Astronomers announced today that stars can be born big, but only so big.
Theories over the years have predicted that an upper limit on stellar mass existed somewhere between 10 and 1,000 times the mass of our Sun. Recent observations of a massive cluster of stars in the center of our galaxy has found that this mass cutoff is about 150 times the Sun.
"The primary result is that there is a cutoff. There is little uncertainty about that," said Don Figer from the Space Telescope Science Institute. "The secondary result is that it is about 150 solar masses."
Figer used the Hubble Space Telescope to measure the masses of stars in the Arches Cluster, which is 25,000 light-years away and ten times the size of typical clusters in our galaxy. A cluster is a conglomeration of stars that all formed pretty much at the same time.
"The Arches Cluster contains many more smaller mass stars than larger mass stars. This is typical for a cluster," Figer said during a NASA teleconference today.
The rarity of behemoth stars is one of the reasons it has been so hard to nail down an upper limit for stellar mass. But the best place to find the biggest stars is in the biggest clusters. Arches, which contains 10,000 solar masses - is our galaxy's largest known open cluster. (Note that there are larger globular clusters.)
"The richer the cluster, the more likely you are to find extremely large stars," said Sally Oey from the University of Michigan, who was not involved in Figer's research.
Oey and her collaborators have looked for the most massive stars in nine clusters of a smaller, more typical size. They were able to estimate an upper limit that agrees with Figer's more statistically robust result.
Live fast and die young
It has long been known that a ball of gas weighing less than about a tenth of our Sun's mass will not be able to light the fusion reactor in its core. Once turned on, though, bigger stars burn brighter.

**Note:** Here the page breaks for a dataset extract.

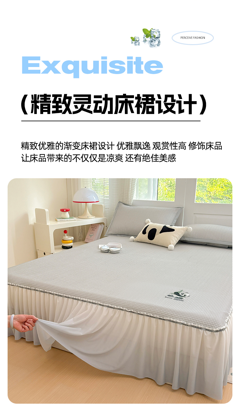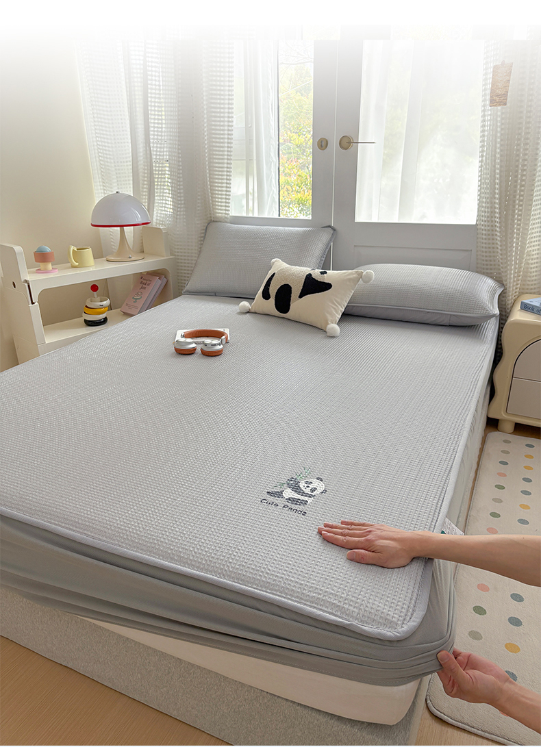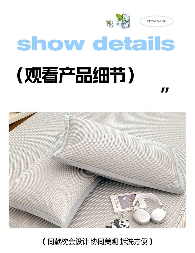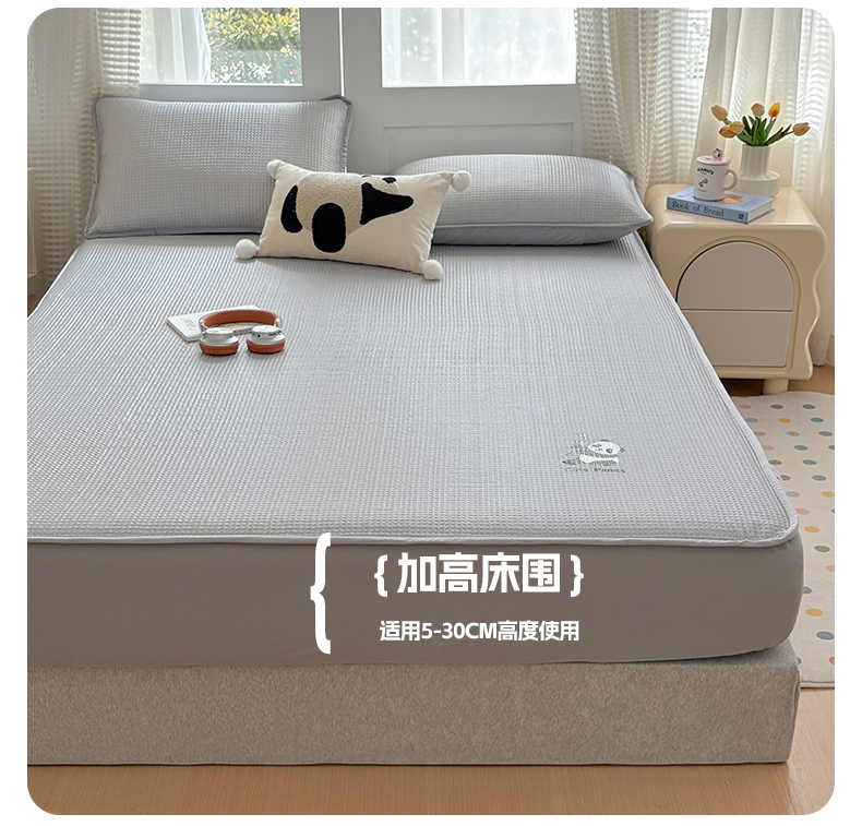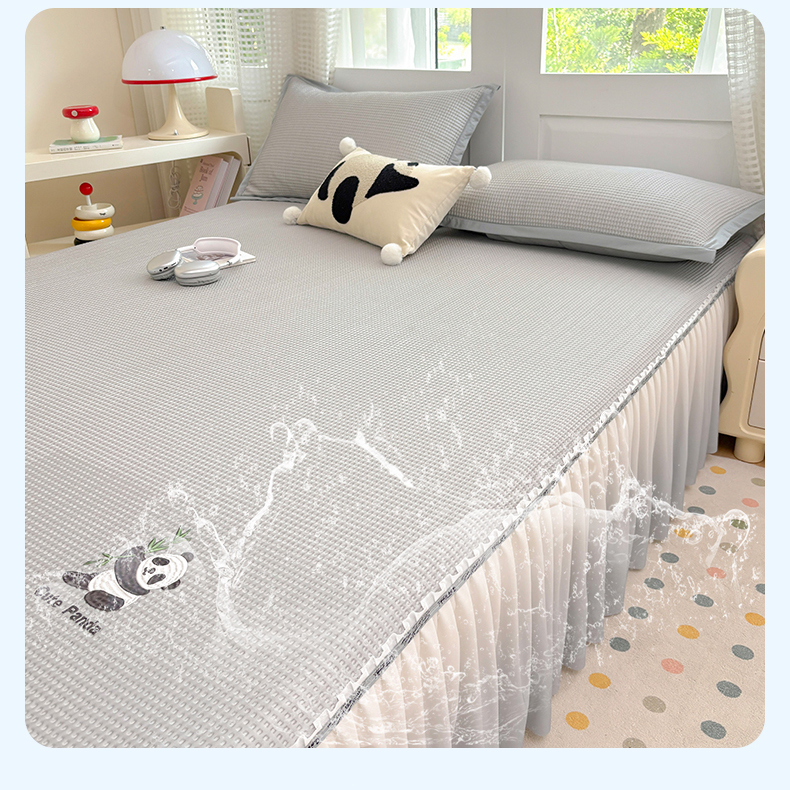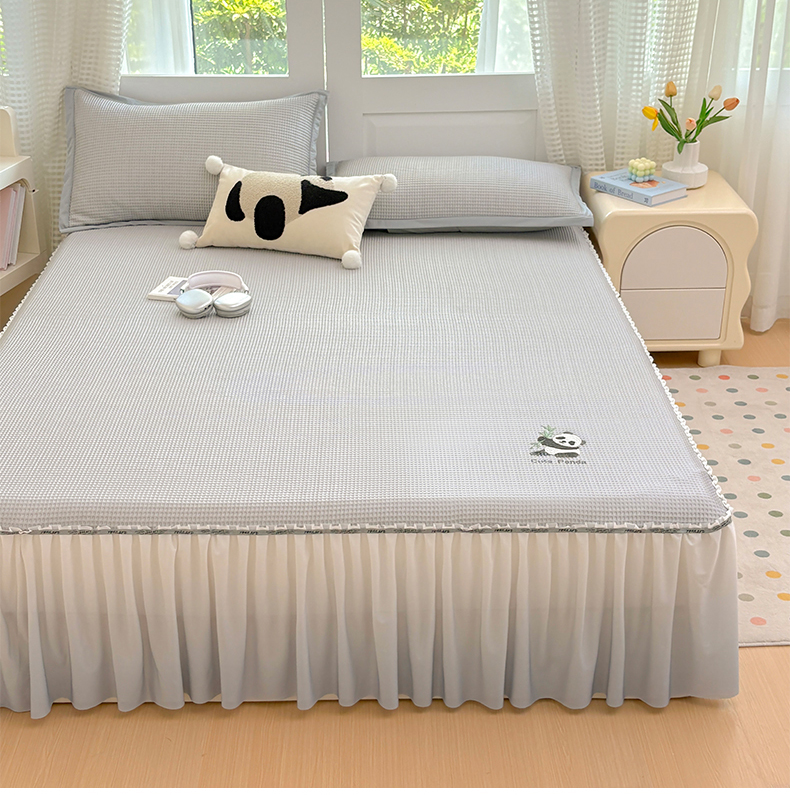 宜派家纺 2025新款高分子凉感丝床裙凉席三件套系列 可爱熊-灰 床裙款

A star 100 times more massive than the Sun will be a million times brighter, said Stan Woosley from University of California, Santa Cruz.
But these big stars burn their nuclear fuel more quickly. Stars greater than 100 solar masses will only live about 3 million years - compared to our Sun which is expected to live for more than 10 billion years. Therefore, to catch a glimpse of a giant star, one has to look not only at a big cluster, but a young one as well.

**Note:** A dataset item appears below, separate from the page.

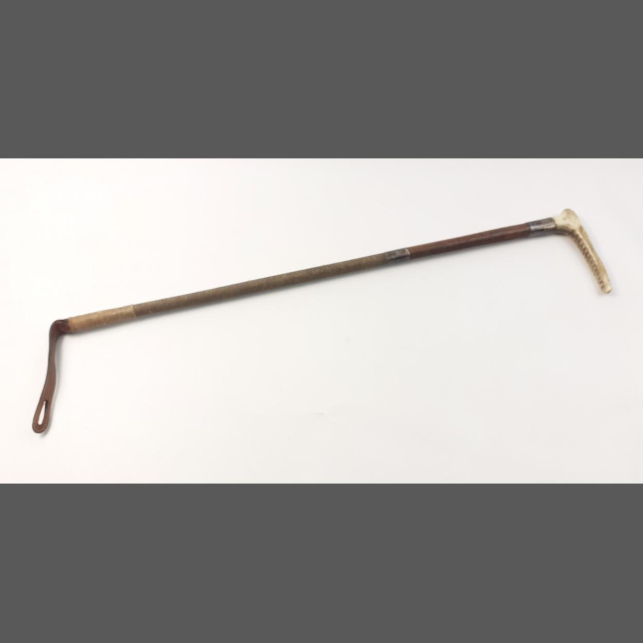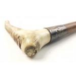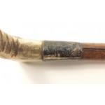 A silver collared, horn handled riding crop with an 1889 inscription, measures 70cm, excluding the leather tip
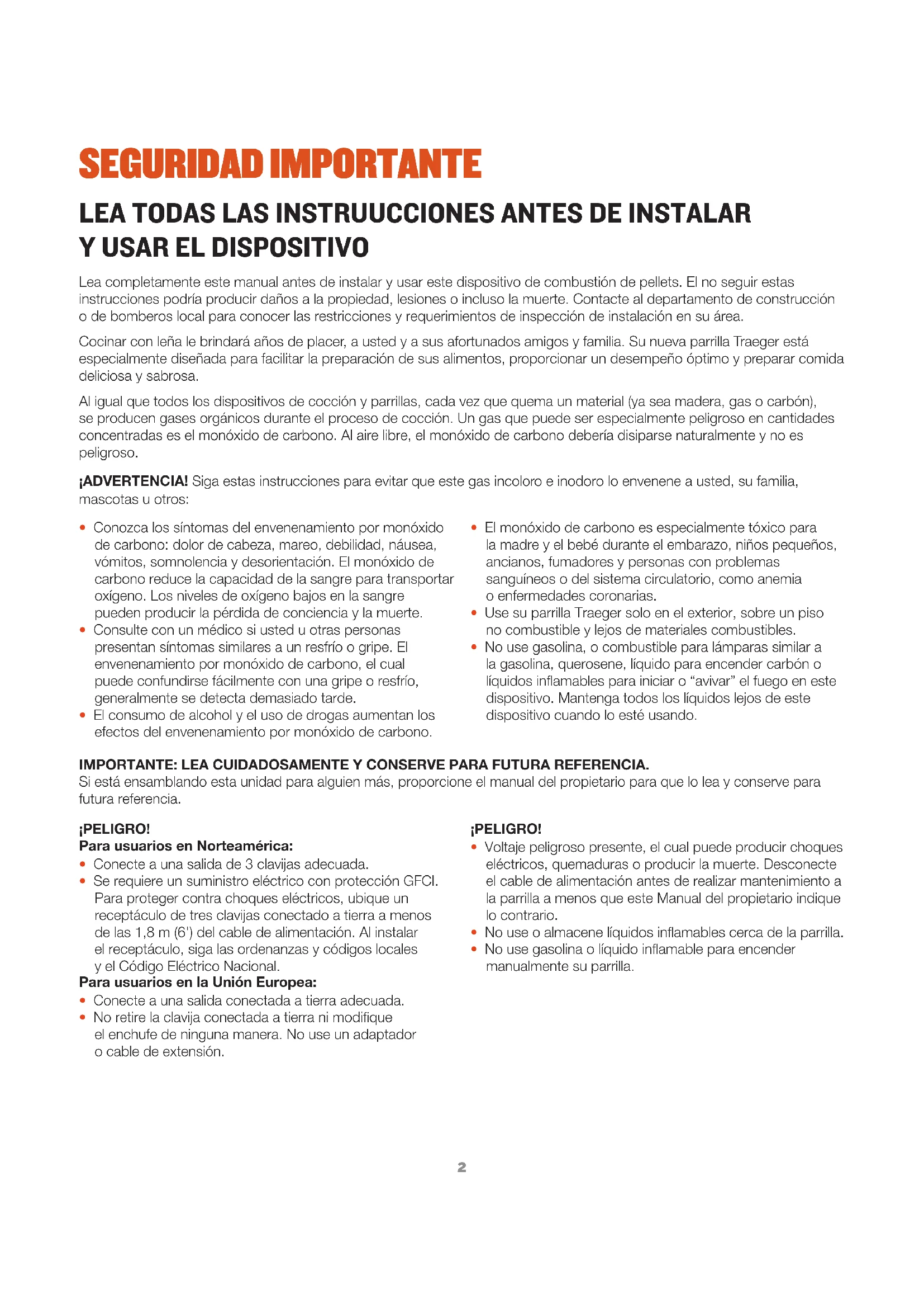 - No use gasolina, o combustible para lámparas similar a la gasolina, querosene, líquido para encender carbón o líquidos inamables para iniciar o “avivar” el fuego en este dispositivo. Mantenga todos los líquidos lejos de este dispositivo cuando lo esté usando. Lea completamente este manual antes de instalar y usar este dispositivo de combustión de pellets. El no seguir estas instrucciones podría producir daños a la propiedad, lesiones o incluso la muerte. Contacte al departamento de construcción o de bomberos local para conocer las restricciones y requerimientos de inspección de instalación en su área. Cocinar con leña le brindará años de placer, a usted y a sus afortunados amigos y familia. Su nueva parrilla Traeger está especialmente diseñada para facilitar la preparación de sus alimentos, proporcionar un desempeño óptimo y preparar comida deliciosa y sabrosa. Al igual que todos los dispositivos de cocción y parrillas, cada vez que quema un material (ya sea madera, gas o carbón), se producen gases orgánicos durante el proceso de cocción. Un gas que puede ser especialmente peligroso en cantidades concentradas es el monóxido de carbono. Al aire libre, el monóxido de carbono debería disiparse naturalmente y no es peligroso. ¡ADVERTENCIA! Siga estas instrucciones para evitar que este gas incoloro e inodoro lo envenene a usted, su familia, mascotas u otros: IMPORTANTE: LEA CUIDADOSAMENTE Y CONSERVE PARA FUTURA REFERENCIA. Si está ensamblando esta unidad para alguien más, proporcione el manual del propietario para que lo lea y conserve para futura referencia. SEGURIDAD IMPORTANTE ¡PELIGRO! Para usuarios en Norteamérica:

Fortunately, the Arches Cluster is between 2 and 2.5 million years old. With Hubble's acute eye, Figer found stars there ranging in size from 2 to 130 solar masses.
"We expected to find 20 to 30 stars with masses between 130 and 1,000 solar masses," Figer said. "But we found none. If they could have formed, we would have seen them."

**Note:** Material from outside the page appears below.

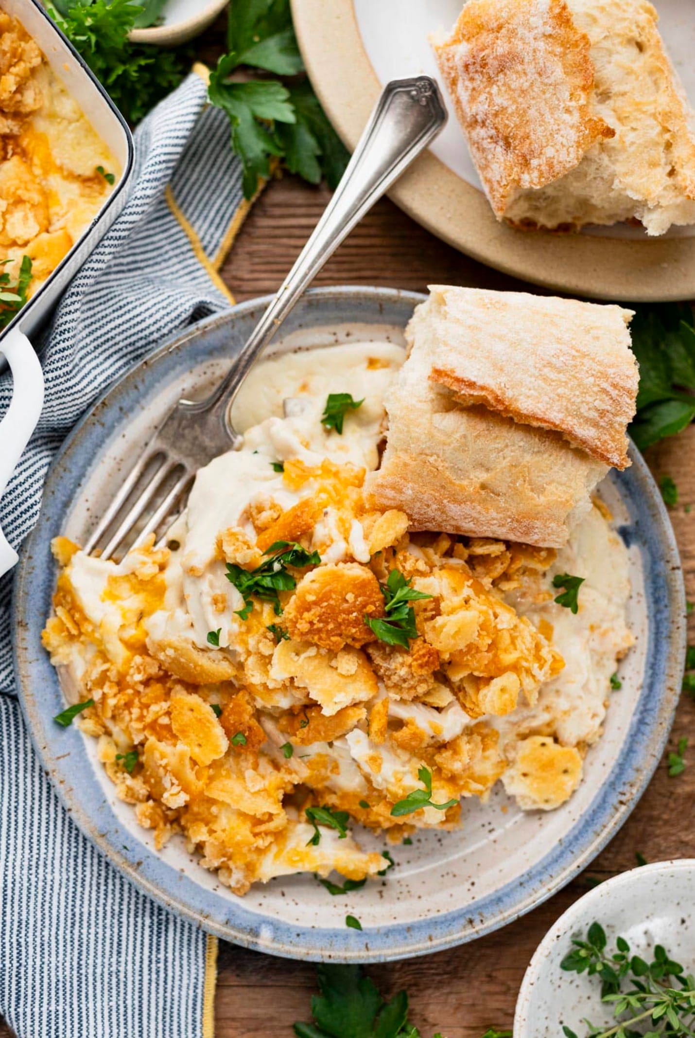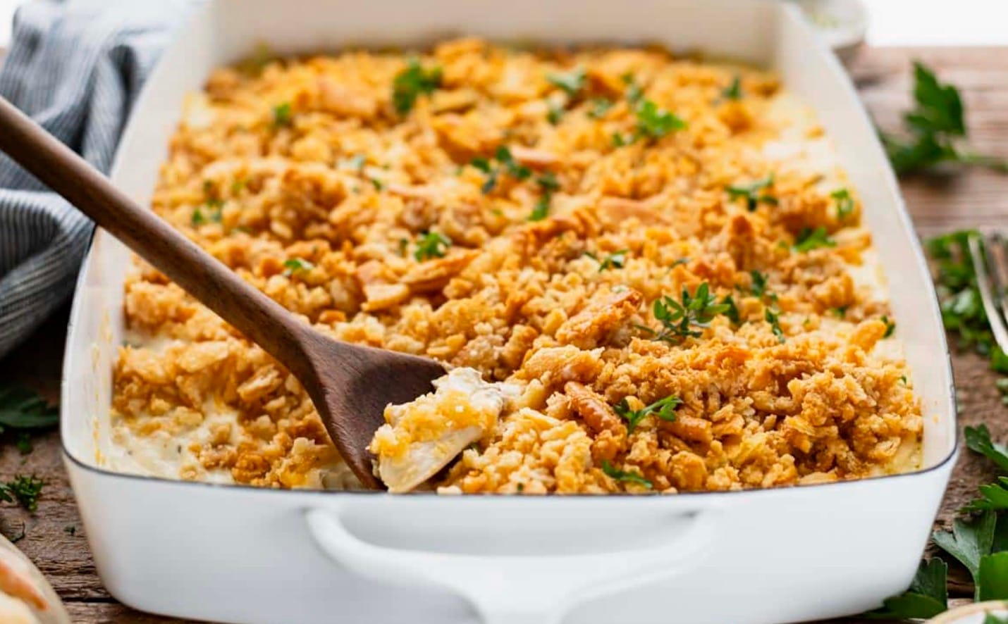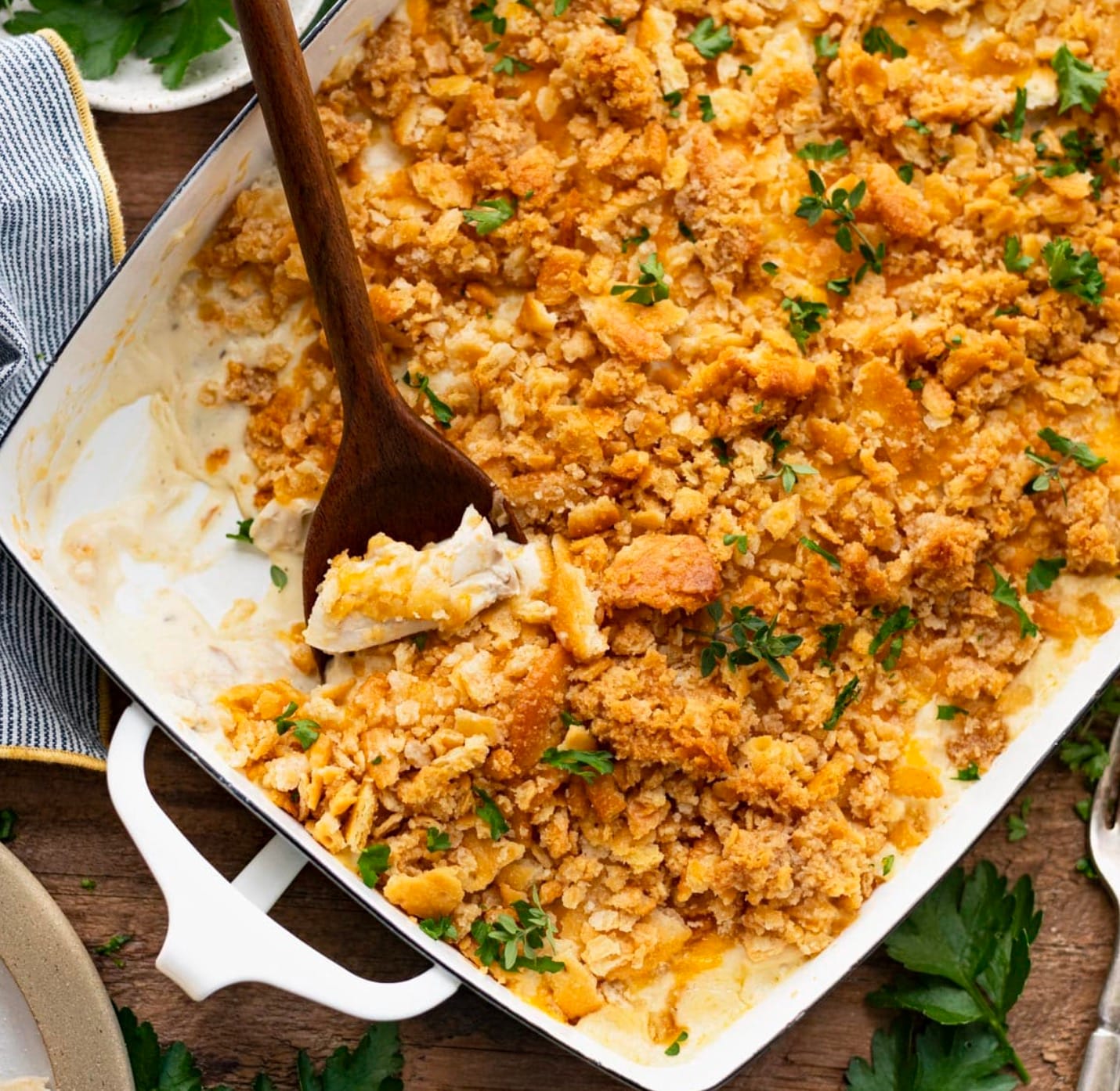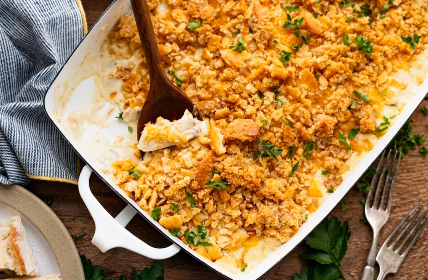 Crackers: If you’re out of Ritz, try crushed cornflakes or potato chips for a crunchy topping.

If the prediction had been smaller - say, one or two behemoth stars - then Figer could explain their absence as just bad luck. But this big of a drop-off can only be explained by a physical barrier to more massive stars.
No one is yet sure what this physical barrier is. Woosley thought there were two likely scenarios: either something stops the star's growth early on, or the star forms, but its intense radiation causes it to blow apart.
Still, there may be stars that circumvent the 150 solar mass limit. For example, the mass-spewing Pistol star may weigh as much as 200 solar masses. One way to explain this apparent paradox, Figer said, is that the Pistol star could be a "born-again" star, formed from the merger of two smaller stars. This sort of formation mechanism would be very unusual, however.
"There is no star in the galaxy that credibly breaks the 150 solar mass limit," Figer said.